What else can you imagine? Or may an existing format be used, like for example expressed by the SML, the Smart Message Language?

Note: The solution to this thread is TMPO.

petur's picture

I have two remarks:
- avoid storing data that never changes with every datapoint, so a config table which points to a dataset table
- have the ability to cope with hardware replacement (FLM breaks or is upgraded, we want the measurements of the new unit to pick up where the old ones stopped and visualize seamless). Either by allowing multiple unique sensors for a dataset by retiring them (but keep history), or forcing old unique keys into the new FLM.

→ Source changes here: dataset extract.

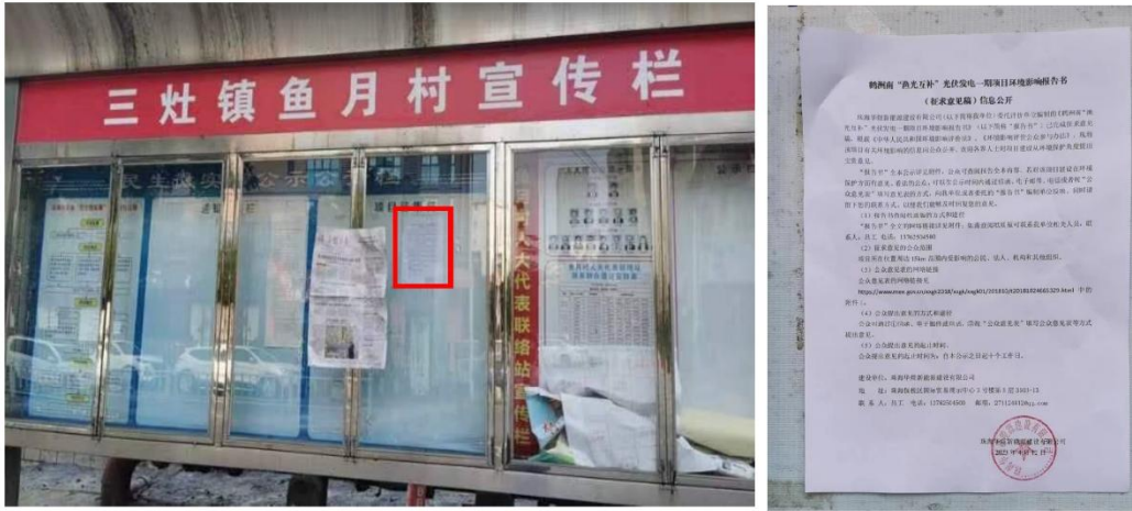
图 3-7 三灶镇鱼月村告示栏公示照片
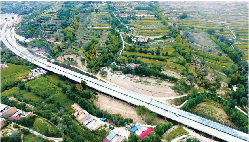
临康广高速公路二甲沟特大桥位于康乐县流川乡二甲沟村,总投资达约1.02亿元,桥长1192.5米。

I'm not that familiar with current capabilities so the above may be pointless points.

gebhardm's picture

With a closer look at the pdf I see the ingenuity... Encoding is key to bring down the data volume, of course - so my table approach is rather naive... meta data, unchanged then is kept separate....

gebhardm's picture

REQ: Any time interval of sensor data shall be selectable without having to decode all data from the very first set... (or I didn't understand the encoding...)

icarus75's picture

Well, that didn't take very long. :)

Thanks for the feedback. Some more details not present in the presentation:
1/ Besides the "t"ime and "v"alue keys in the Tmpo JSON object, there will also be a "h"eader entry containing sensor metadata, e.g. name, uid, unit, etc.
2/ The FLM will store blocks in 2^8 = 256 secs intervals locally, denoted as a block8 in the code. There will be a compaction running in background to group 16x block8's into a single block12, 16x block12's into a block16 and 16x block16 into a block20. The latter will contain a sensor's data of the last +-18 days (= 2^20 secs). This will allow the FLM to run offline for quite a while, whilst storing its sensor readings persistently and in highest resolution. No downsampling.
3/ There will be a "garbage" (better: "block") collector running in background when the FLM's allocated flash blocks exceeds a certain threshold. I'm thinking about 80%'ish. The oldest level20 blocks will be collected first.
4/ Gzipped blocks will be published for each sensor on MQTT topic /sensor/[id]/tmpo/[level]/[bid] where level = {8, 12, 16, 20} and bid = block id = unix timestamp of the start of the respective block interval
5/ @petur Good second point. That should be taken care of at a higher level. The FLM itself has a fixed amount of pre-allocated unique sensor id's. They are never retired.
6/ @gebhardm We're using domain knowledge to format the data before offering it to gzip. Hence the high compression ratio (1/100). And JSON within a gzip can be directly served to the browser, e.g. ngx_http_gzip_static_module. No database to hit for the raw timeseries. No data conversion to JSON format needed either. It's already sitting there in a couple of pre-compressed files. Furthermore, the JSON decoding engines inside modern browsers are very fast. And then we'll probably throw in a bit of SPDY as well, so that we can fire off multiple tmpo GET's async into a single TCP connection.

Cheers
/Bart

mozreactor's picture

Bump.

Any update on this work in progress? (Beta firmware, etc?)

gebhardm's picture

With firmware 2.4.4 the tmpo daemon is active and persists readings (see source repository for details); yet missing is the retrieve/query functionality that would allow a programmatic access without sending requests to the filesystem.

icarus75's picture

The latest r24x firmware establishes an MQTT bridge to the flukso.net server. Syncing logic will make sure the tmpo blocks will be uploaded to the server. Tmpo blocks can be accessed through an HTTPS/REST API. Have a look at tmpo-py which wraps this API and stores new tmpo blocks to a local SQLite DB on your computer. Tmpo-py also makes it straightforward to get the sensor timeseries in a Pandas dataframe for further analysis.

gebhardm's picture

The tmpo-py (yet another programming language?) downloads via the flukso-api; will there be a local variant available as the corresponding "own" data is stored on the local FLM? Thx, Markus

icarus75's picture

Every time a tmpo block is generated by the tmpod, it will be published on the MQTT broker with a /sensor/sid/tmpo topic.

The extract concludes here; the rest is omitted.